Actualités of Wednesday, 4 October 2023

Source: www.camerounweb.com

Au Cameroun, un insecte sauve les lamantins et les pêcheurs, selon le grand journal français le Monde

Image illustrative crédit photo Le Monde Image illustrative crédit photo Le Monde

Sadam Ekwalla, âgé de 33 ans, est un pêcheur qui connaît à la fois la fatigue et la satisfaction. Avec un large sourire aux lèvres, il amarre sa petite pirogue en bois au bord du lac Ossa, à Dizangué, dans l'ouest du Cameroun. Parti à 4 heures du matin, il revient après plus de six heures de navigation avec une récolte fructueuse de carpes roses, dont une partie sera vendue et le reste servira à sa famille. Il se remémore les années difficiles où la pêche était devenue impossible en raison de l'invasion de la Salvinia, une plante aquatique envahissante. Le lac ressemblait alors à un terrain de football recouvert de cette plante maudite, privant les pêcheurs de leur gagne-pain. Aujourd'hui, une partie de cette menace a été éradiquée. C’est ce que révèle le journal le Monde dans un reportage bien riche effectue au Cameroun.

Le journal le Monde indique que selon Sadam Ekwalla et huit autres pêcheurs interrogés par Le Monde, le problème a commencé vers 2016-2017 lorsque la Salvinia molesta, une fougère aquatique invasive, a fait son apparition sur le lac Ossa. Cette fougère se multiplie à une vitesse impressionnante, doublant de taille tous les huit à dix jours. Le lac abrite des lamantins d'Afrique, une espèce marine classée comme "vulnérable" sur la liste des espèces en danger de l'Union internationale pour la conservation de la nature (UICN).

Ernest Djocky, 53 ans, toujours cité par le Journal le Monde, témoigne des ravages causés par la Salvinia : "Nous jetions nos filets et en quelques heures, la plante avait tout englouti. J'ai perdu deux filets, ce qui représente près de 200 000 francs CFA [300 euros]. Nous ne pouvions même plus voir les lamantins. Certains pêcheurs ont quitté la région à la recherche de nouveaux sites, tandis que d'autres, comme Sadam Ekwalla, ont changé de métier pour devenir moto-taxi ou se sont tournés vers l'agriculture.

Les villages riverains du lac ont organisé des journées de nettoyage pour tenter de se débarrasser de cette plante qu'ils ont surnommée "Boko Haram", "Satan 2" ou "Diable". Cependant, la Salvinia a rapidement repris le dessus, couvrant jusqu'à 50 % de la surface du lac. C'est alors qu'intervient un insecte appelé charançon, surnommé affectueusement le "charançon du docteur Aristide".

Face à la prolifération de la fougère, Aristide Takoukam Kamla, biologiste marin et fondateur de l'ONG African Marine Mammal Conservation Organisation (Ammco), a décidé d'agir en 2019. Après avoir obtenu son doctorat aux États-Unis, où il a étudié le lamantin d'Afrique, il a constaté que la Salvinia se développait en raison de l'enrichissement du lac en azote et en phosphore.
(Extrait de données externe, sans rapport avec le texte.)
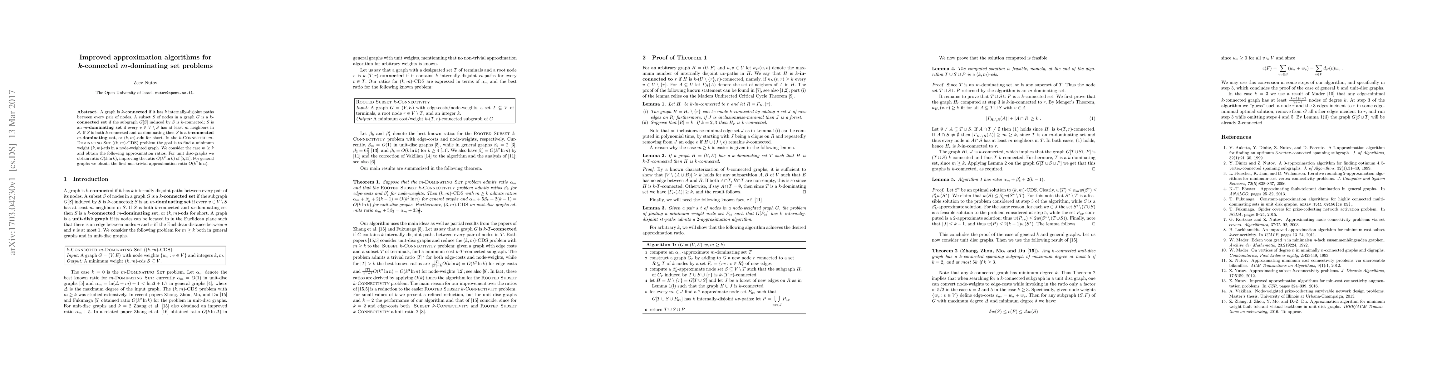 A graph is $k$-connected if it has $k$ internally-disjoint paths between every pair of nodes. A subset $S$ of nodes in a graph $G$ is a $k$-connected set if the subgraph $G[S]$ induced by $S$ is $k$-connected; $S$ is an $m$-dominating set if every $v \in V \setminus S$ has at least $m$ neighbors in $S$. If $S$ is both $k$-connected and $m$-dominating then $S$ is a $k$-connected $m$-dominating set, or $(k,m)$-cds for short. In the $k$-Connected $m$-Dominating Set ($(k,m)$-CDS) problem the goal is to find a minimum weight $(k,m)$-cds in a node-weighted graph. We consider the case $m \geq k$ and obtain the following approximation ratios. For unit disc-graphs we obtain ratio $O(k\ln k)$, improving the previous ratio $O(k^2 \ln k)$. For general graphs we obtain the first non-trivial approximation ratio $O(k^2 \ln n)$.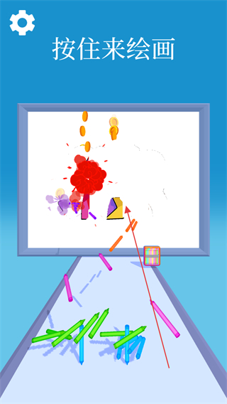 4、抵达画板区域,按住操作触发绘画,利用收集的彩色笔在画板上创作,完成关卡流程。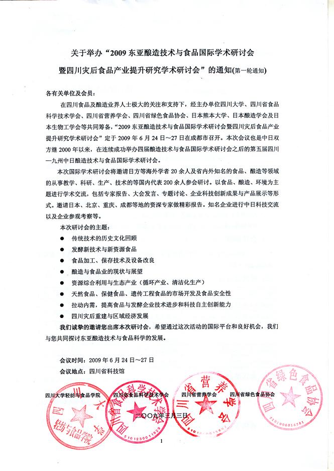 关于举办“2009东亚酿造技术与食品国际学术研讨会暨四川灾后食品产业提升研究学术研讨会”的通知(第一轮通知) 各有关单位及会员:在四川食品及酿造业界人士极大的关注和支持下,经主办单位AV研究所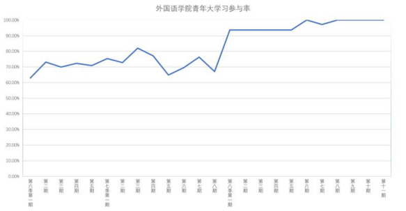 创新方法,青年大学习参与率100%。自青年大学习开展以来,哈尔滨理工大学外国语学院学生工作部高度重视,学院成立副书记、团委书记、全体辅导员、团支部书记四级联动机制,纵向传达,横向督查,分层推进,分类考察,重视发挥团学干部的能动性和示范性,形成良好的学习氛围和学习意识,自活动开始全院学生参与率始终排序全校前三名。从第六季开始,连续9期名列全校第一,参与率达到100%。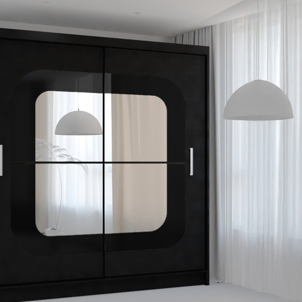 Featuring a sleek design, this wardrobe boasts sliding mirrored doors that enhance space while offering ample storage options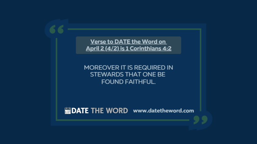 Our verse to DATE the Word on April 2 (4/2) is 1 Corinthians 4:21 Corinthians 4:2 says, "Moreover it is required in stewards that one be found faithful.”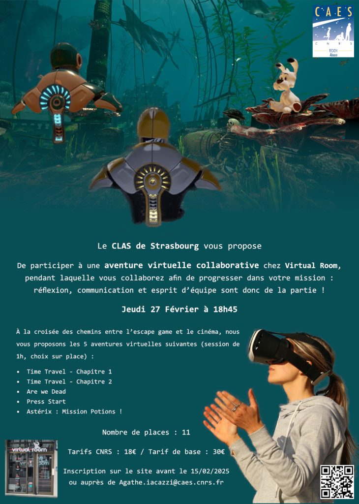 Le CLAS de Strasbourg vous propose de participer à une aventure virtuelle collaborative chez Virtual Room, pendant laquelle vous collaborez afin de progresser dans votre mission : réflexion, communication et esprit d’équipe sont donc de la partie !

Il a alors entrepris de lutter contre cette plante envahissante en utilisant des charançons qui se nourrissent de la Salvinia.

En 2021, précise le Monde, les premiers résultats positifs sont apparus. La Salvinia a commencé à changer de couleur et à disparaître de la surface de l'eau sous l'effet des charançons. Grâce à cette méthode de lutte biologique, la couverture de la Salvinia est passée de 50 % en 2021 à près de 15 % aujourd'hui, permettant ainsi la reprise de la pêche et la visibilité accrue des lamantins dans le lac.

Cependant, pointe le Monde, la bataille n'est pas encore gagnée, car la Salvinia a créé un environnement propice à une autre plante invasive, la Rhynchospora racemosa. Cette lutte nécessite des ressources financières et matérielles importantes. En attendant, il est urgent de déterminer les causes de l'enrichissement en azote et en phosphore de l'eau provenant de la Sanaga, le plus long fleuve du Cameroun.

Les habitants des villages riverains espèrent désormais que la Salvinia disparaîtra définitivement, car cette plante a eu des conséquences dévastatrices sur leurs moyens de subsistance. Cependant, avec la reprise de la pêche, les défenseurs de l'environnement craignent désormais un autre fléau : la reprise du braconnage des lamantins.